__Material for this task__:

/---

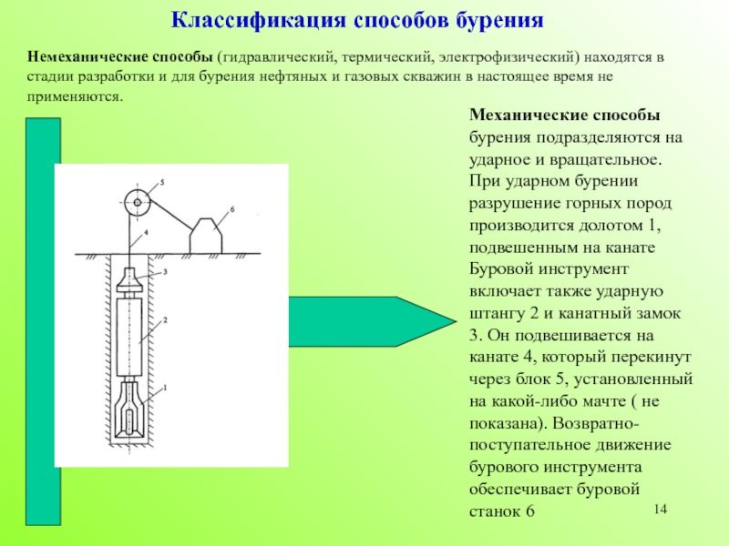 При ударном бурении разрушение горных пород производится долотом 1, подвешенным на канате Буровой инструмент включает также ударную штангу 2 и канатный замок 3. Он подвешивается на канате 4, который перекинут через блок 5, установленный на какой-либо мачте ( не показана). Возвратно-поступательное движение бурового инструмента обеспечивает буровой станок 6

\---
/---

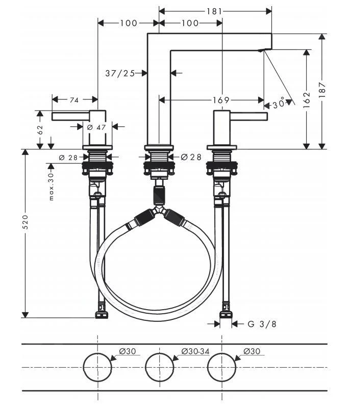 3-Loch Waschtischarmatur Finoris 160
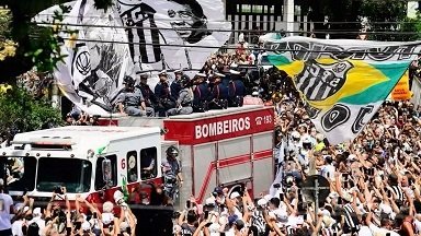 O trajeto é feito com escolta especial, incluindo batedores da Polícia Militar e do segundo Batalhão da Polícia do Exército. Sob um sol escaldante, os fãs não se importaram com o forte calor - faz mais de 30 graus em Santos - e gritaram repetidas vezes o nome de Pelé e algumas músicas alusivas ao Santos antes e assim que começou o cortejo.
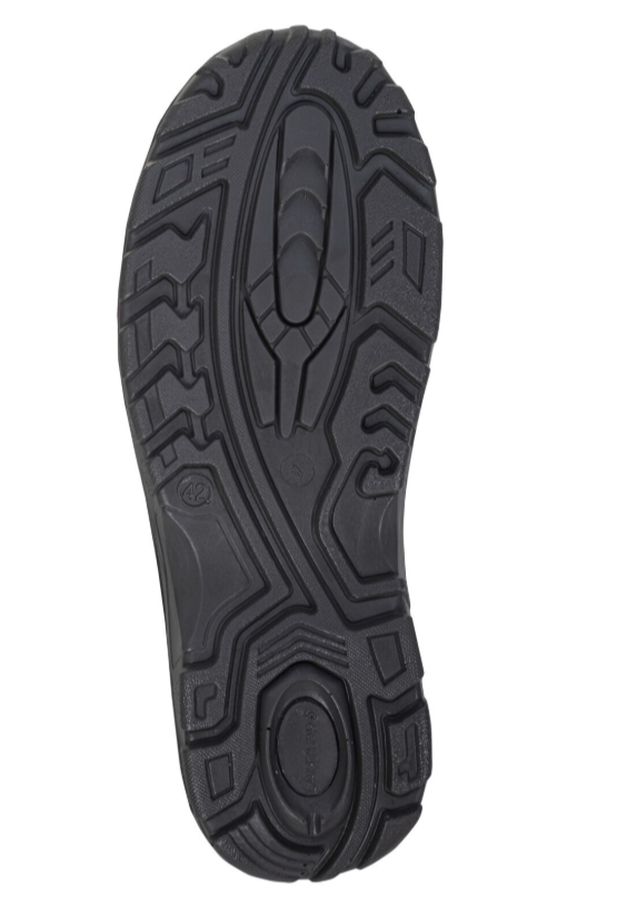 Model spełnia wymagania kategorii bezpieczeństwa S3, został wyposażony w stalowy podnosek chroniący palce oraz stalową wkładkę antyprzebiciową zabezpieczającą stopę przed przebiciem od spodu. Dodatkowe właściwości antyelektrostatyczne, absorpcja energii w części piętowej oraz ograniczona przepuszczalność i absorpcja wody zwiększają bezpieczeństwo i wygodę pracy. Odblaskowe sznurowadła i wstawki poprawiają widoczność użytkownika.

\---

__Problem to solve__:
For this exercise, set down the lines in the entries above from the one with "O trajeto é" through the one with "Model spełnia wymagania" exactly as written, without any pictures.

__Result below__:
 O trajeto é feito com escolta especial, incluindo batedores da Polícia Militar e do segundo Batalhão da Polícia do Exército. Sob um sol escaldante, os fãs não se importaram com o forte calor - faz mais de 30 graus em Santos - e gritaram repetidas vezes o nome de Pelé e algumas músicas alusivas ao Santos antes e assim que começou o cortejo.
 Model spełnia wymagania kategorii bezpieczeństwa S3, został wyposażony w stalowy podnosek chroniący palce oraz stalową wkładkę antyprzebiciową zabezpieczającą stopę przed przebiciem od spodu. Dodatkowe właściwości antyelektrostatyczne, absorpcja energii w części piętowej oraz ograniczona przepuszczalność i absorpcja wody zwiększają bezpieczeństwo i wygodę pracy. Odblaskowe sznurowadła i wstawki poprawiają widoczność użytkownika.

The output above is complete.